Najgorsze przewinienia wg kibica
Udawane kontuzje i teatralne wpadanie ślizgiem na pole karne, by wymusić rzut karny to formy oszukiwania, które wg najnowszego międzynarodowego sondażu, najbardziej denerwują fanów futbolu.
W studium naukowców z Uniwersytetu w Sheffield wzięło udział ponad 500 kibiców krajów, które już niebawem wezmą udział w Mistrzostwach Świata w RPA. Wywiad ujawnił, że za drużyny popełniające największe wykroczenia przeciwko fair play uznawani są Włosi i Argentyńczycy. Podczas badania oceniano oddanie piłce nożnej oraz postawy fanów wobec różnych rodzajów nieczystej gry i ustalano, czy ankietowani potępiliby je w wykonaniu członków własnej i/lub przeciwnej drużyny. Padło też pytanie, jaki kraj jest uznawany za najgroźniejszego rywala rodzimego zespołu.
Prawie 80% osób nie pochwalało udawania kontuzjowania przez zawodnika przeciwników. Aż 75% respondentów nie podobało się nurkowanie w pole karne, by skłonić sędziego do podyktowania rzutu karnego, 74% potępiło posługiwanie się ręką przy zdobywaniu gola, a 70% skrytykowało wyolbrzymianie urazu odniesionego podczas starcia w bloku. Postrzeganie przewinień różniło się u respondentów z poszczególnych nacji. Włosi i Hiszpanie najrzadziej uznawali wślizgiwanie się w pole karne za oszustwo.
Psycholodzy nie byli zaskoczeni odkryciem, że kibice spoglądali przychylniejszym okiem na przewinienia własnych niż cudzych piłkarzy. Chodziło tu zwłaszcza o faule taktyczne czy rękę, by nie dopuścić do zdobycia bramki przez rywala. Wyniki pokazały, że najrzadziej za oszustwo uznawano grę na czas oraz wdawanie się w dyskusję z sędzią i nakłanianie go do zmiany zdania.

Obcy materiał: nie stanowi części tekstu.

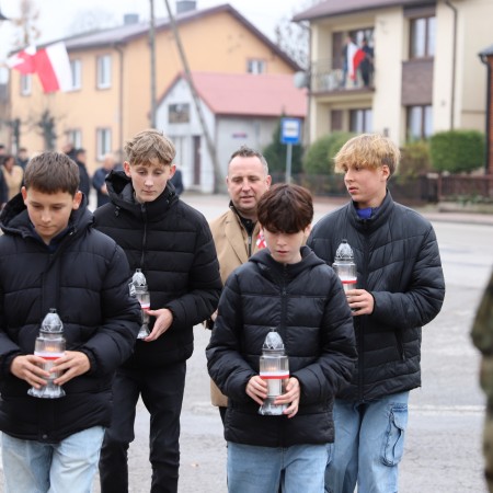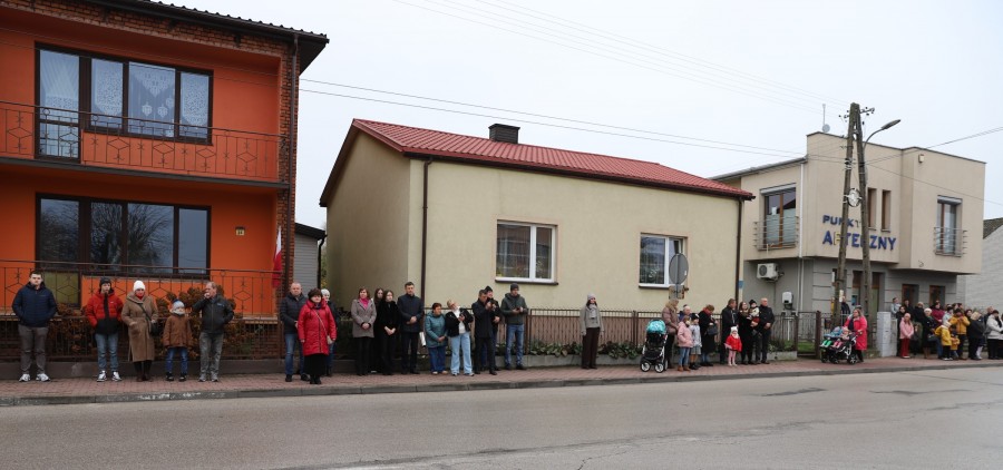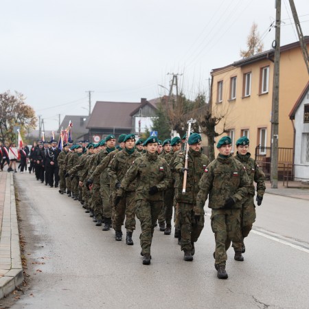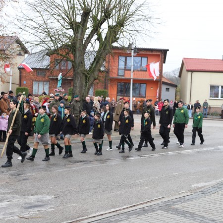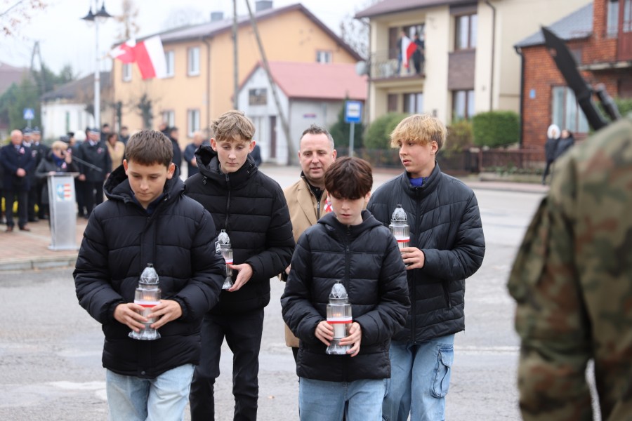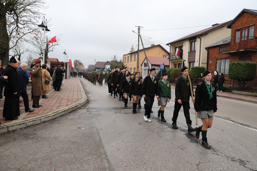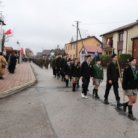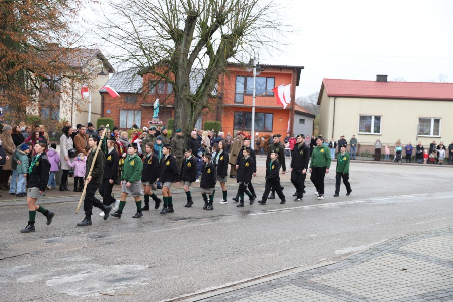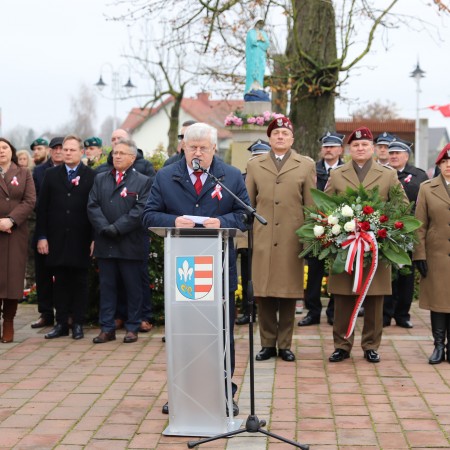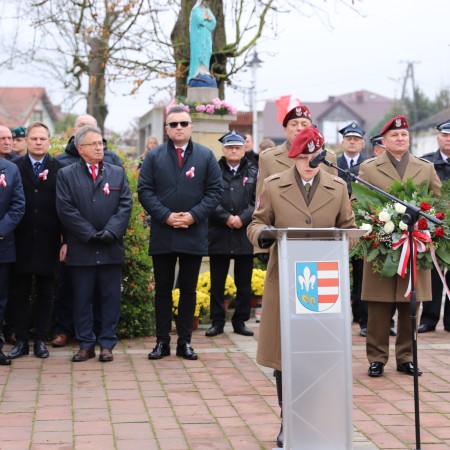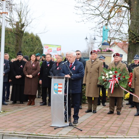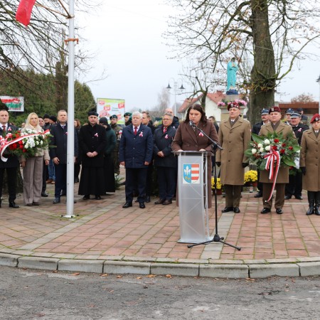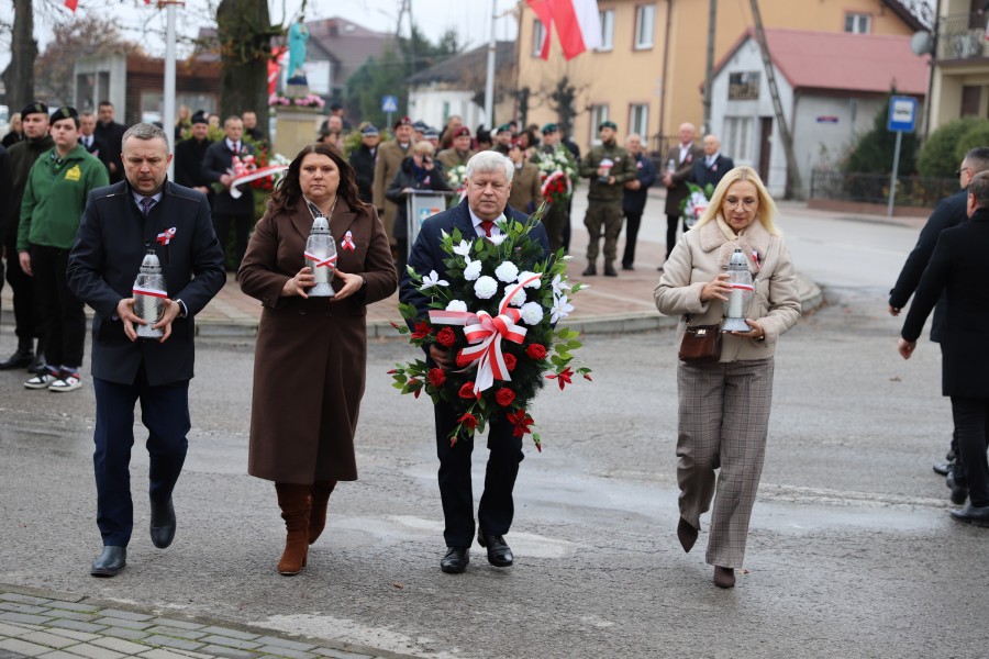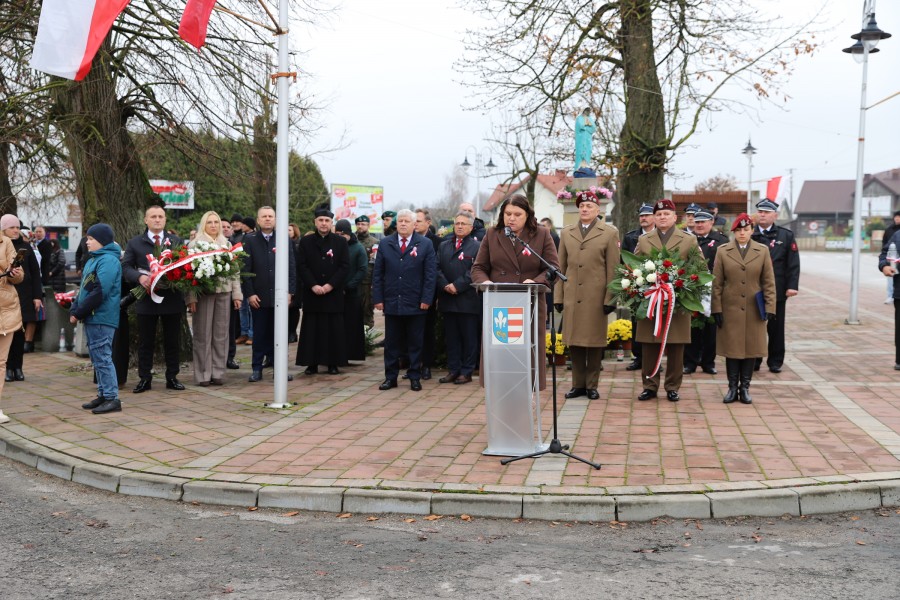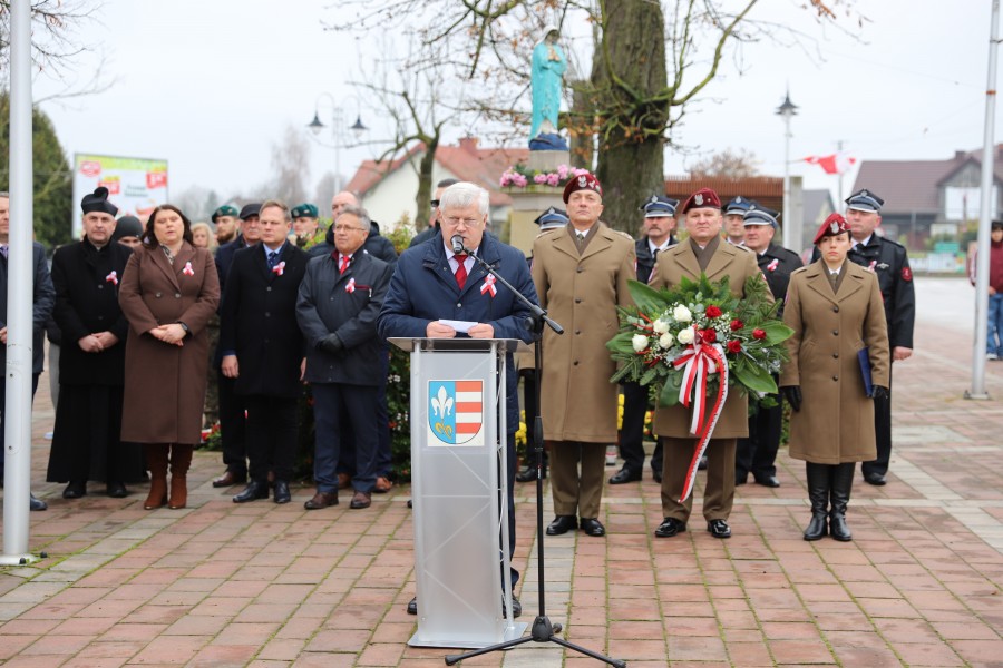 Wójt Gminy Tadeusz Wojciechowski wygłosił przemówienie okolicznościowe nawiązując do wydarzeń sprzed 107 lat, gdy po 123 latach niewoli, Rzeczpospolita znów pojawiła się na mapach Europy spełniając marzenia Polaków urodzonych i wychowanych pod zaborami.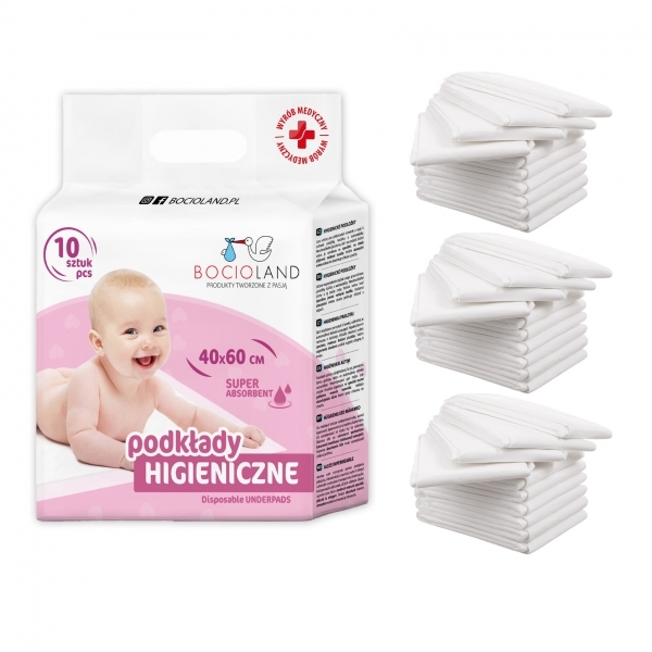 Jednorázové přebalovací podložky 40 x 60 cm.Pražce Bocioland dokonale chrání postýlku proti nečistotám.Určeno pro ženy v šestinedělí a při péči a přebalování miminek.Vrchní vrstva je speciální a na dotek příjemná netkaná textilie, která odvádí tekutinu uvnitř podkladu.Absorpční celulózová vložka...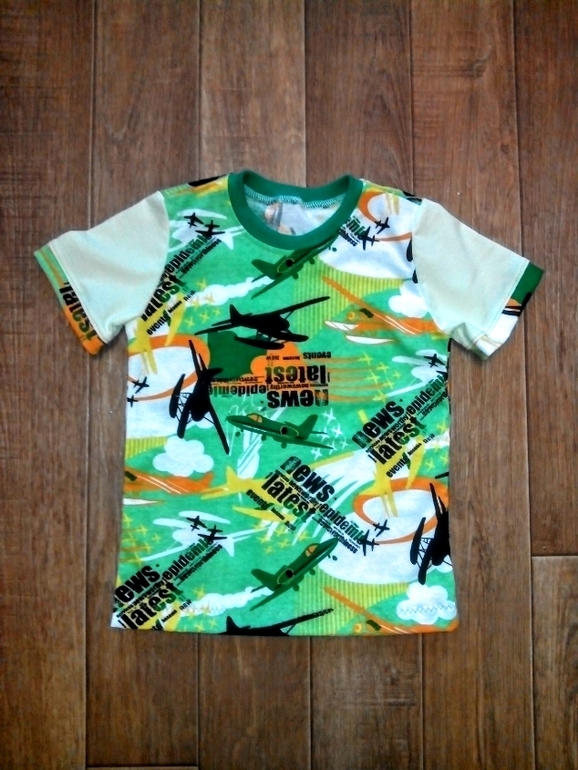 Пара футболочек (я в восторге от этих самолетов изрезала всю тканюшку, остался небольшой квадратик). И шорты из джинсы, джинса очень мягенькая и тоненькая.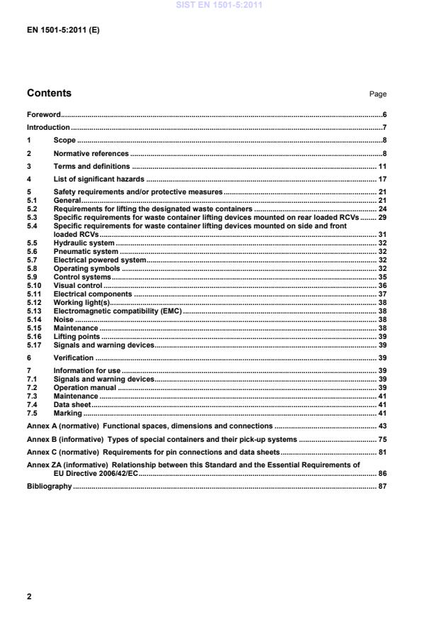 Relationship between this Standard and the Essential Requirements of EU Directive 2006/42/EC . 86Bibliography . 87 SIST EN 1501-5:2011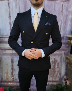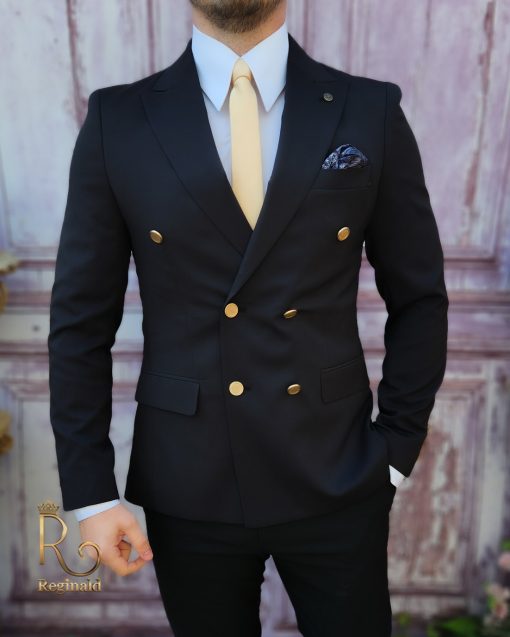 Sacou Blazer slim fit barbatesc cu doua randuri de butoni metalici aurii.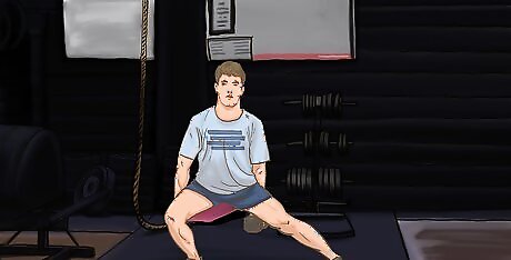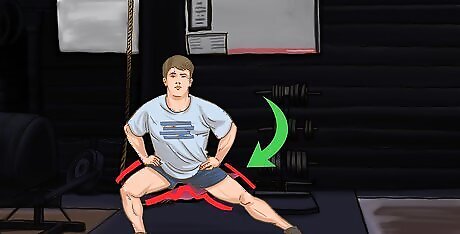 Do side lunges slowly to help you stretch before a workout. When done slowly and deliberately, side lunges are a great way to stretch and loosen your upper leg and glute muscles before exercising. Hold each lunge for 5-15 seconds, and do about 5 lunges per leg for stretching purposes. Do side lunge stretches as part of a thorough stretching routine that targets all your major muscle groups. Always take 5-10 minutes to do some full range of motion movements to warm up before engaging in moderate to intense physical activity.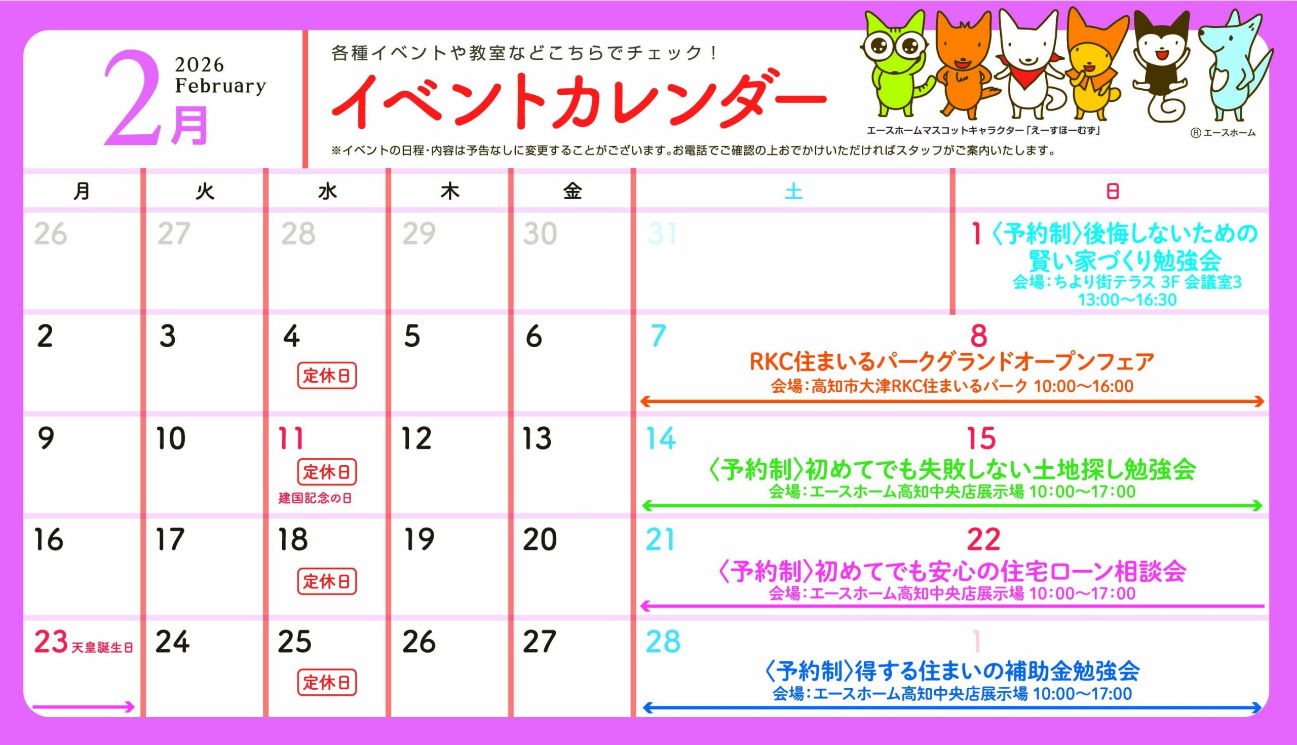 エースホーム高知中央店では、毎週末に週替わりのイベントを開催しています。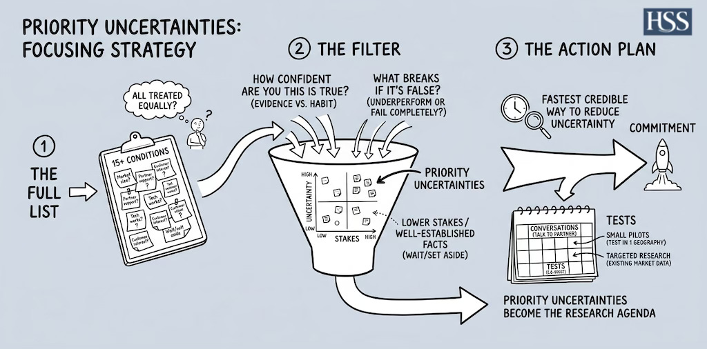 The conditions on a WWHTBT list aren’t equivalent. Some are well-established facts that don’t need investigation. Some are uncertain but won’t hurt the strategy much even if they’re wrong. And a few are both uncertain and load-bearing. Those are your priority uncertainties. They’re where the work needs to go before you commit.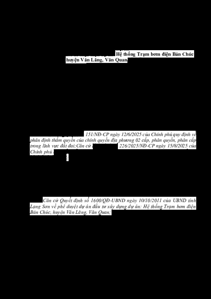 | Tiêu đề văn bản | Quyết định thu hồi đất để thực hiện dự án: Hệ thống Trạm bơm điện Bản Chúc huyện Văn Lãng, Văn Quan, tỉnh Lạng Sơn: hộ Chu Văn Hùng | ||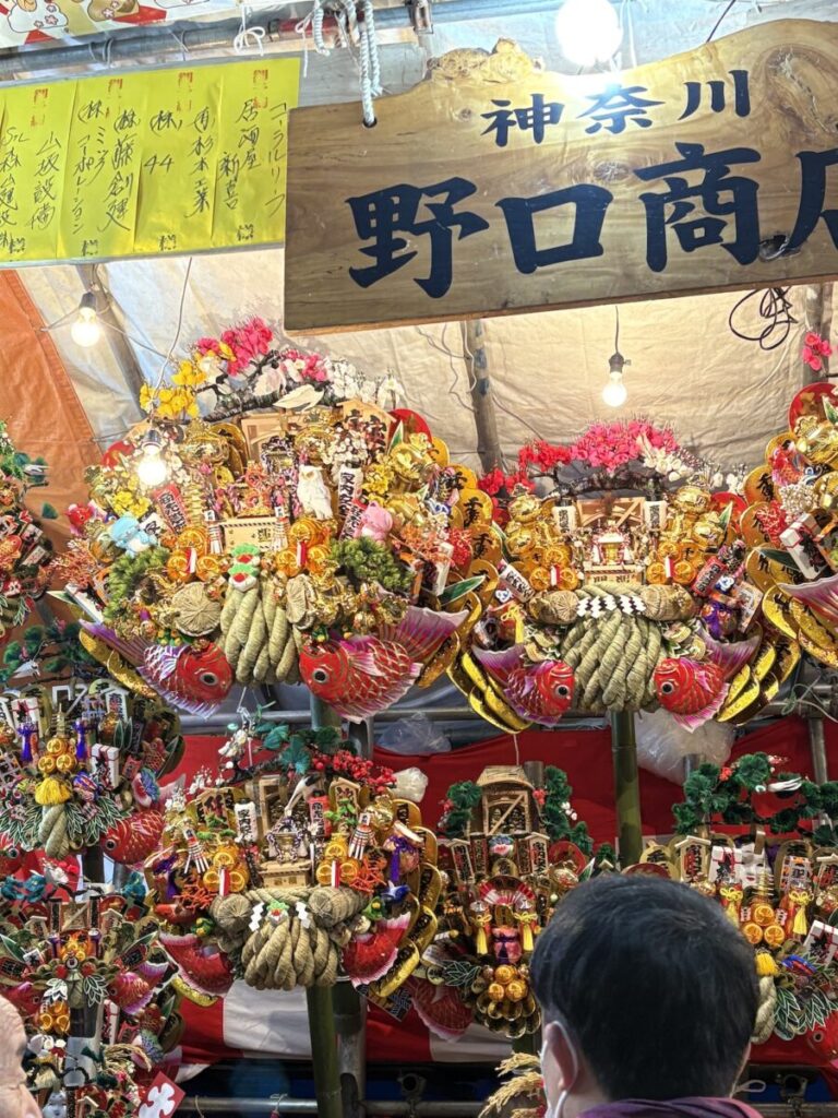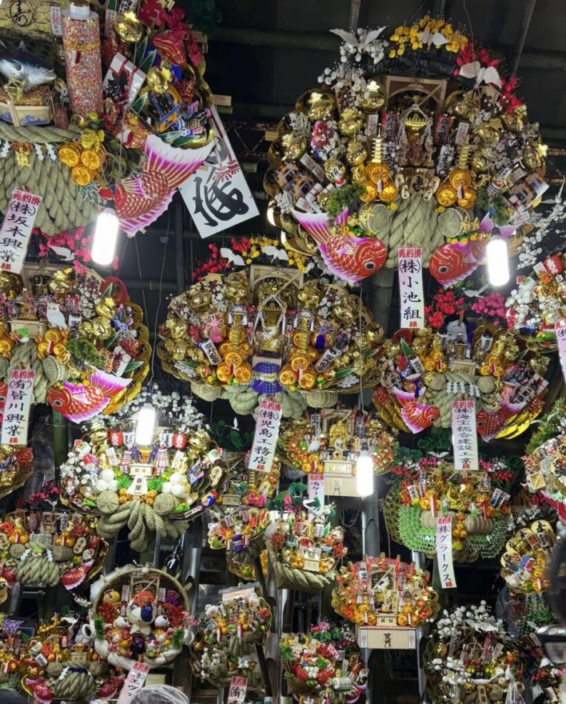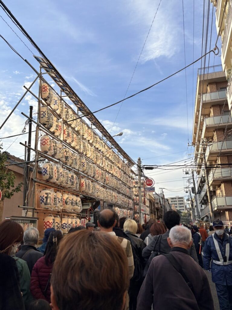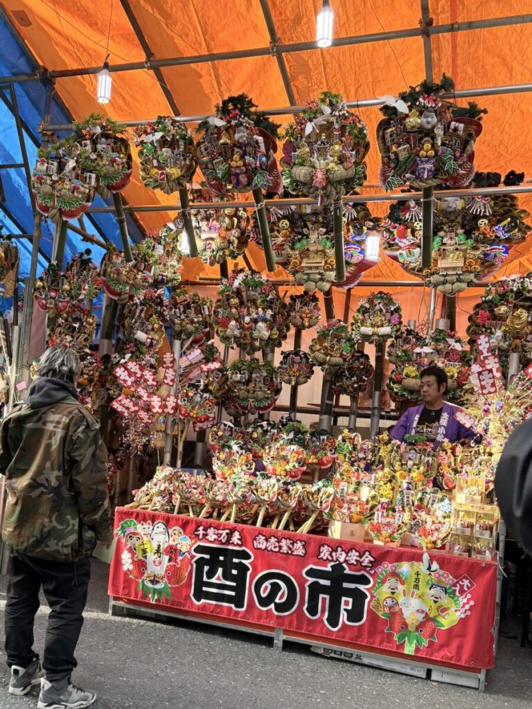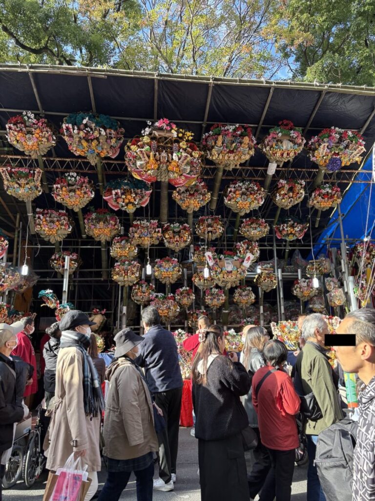 熊手を購入すると、お店の方が威勢のいい掛け声とともに柏手を打ってくれるのですが、薄暗くなっていく街の何処からかこの掛け声が聞こえてくると、神々しささえ感じます。

Ponad 75% respondentów uważało, że niektóre kraje oszukują częściej od innych. Za najgorszych uznano Włochów, a tuż za nimi uplasowali się Argentyńczycy. Na ocenę ankietowanych wpływały lokalne i historyczne konflikty. Wielu badanych dostrzegało największych oszustów w sąsiadach lub typowało historycznego rywala sportowego. Wyjątkiem okazali się kibice brytyjscy, wśród których 60% życzyłoby sobie pokonania Niemców, ale tylko dla 1% niemieccy piłkarze byliby szczególnie skłonni do nieczystej gry. Podobny trend odnotowano wśród Australijczyków typujących Anglię na najgroźniejszego przeciwnika i jednocześnie wierzących w jej uczciwość.
Omawiany sondaż stanowi część większego studium. Podczas Mistrzostw Świata jego autorzy zamierzają określić, do jakiego stopnia tendencja do oszukiwania jest skutkiem osobistych postaw, cech drużyny lub konkretnych sytuacji meczowych. Psycholodzy chcieliby również ustalić, czy jakakolwiek zmienność w zakresie oszustw danego kraju odpowiada wynikom ankietowania kibiców i jakie cechy graczy, zespołów i sytuacji najsilniej oddziałują na natężenie oszukiwania.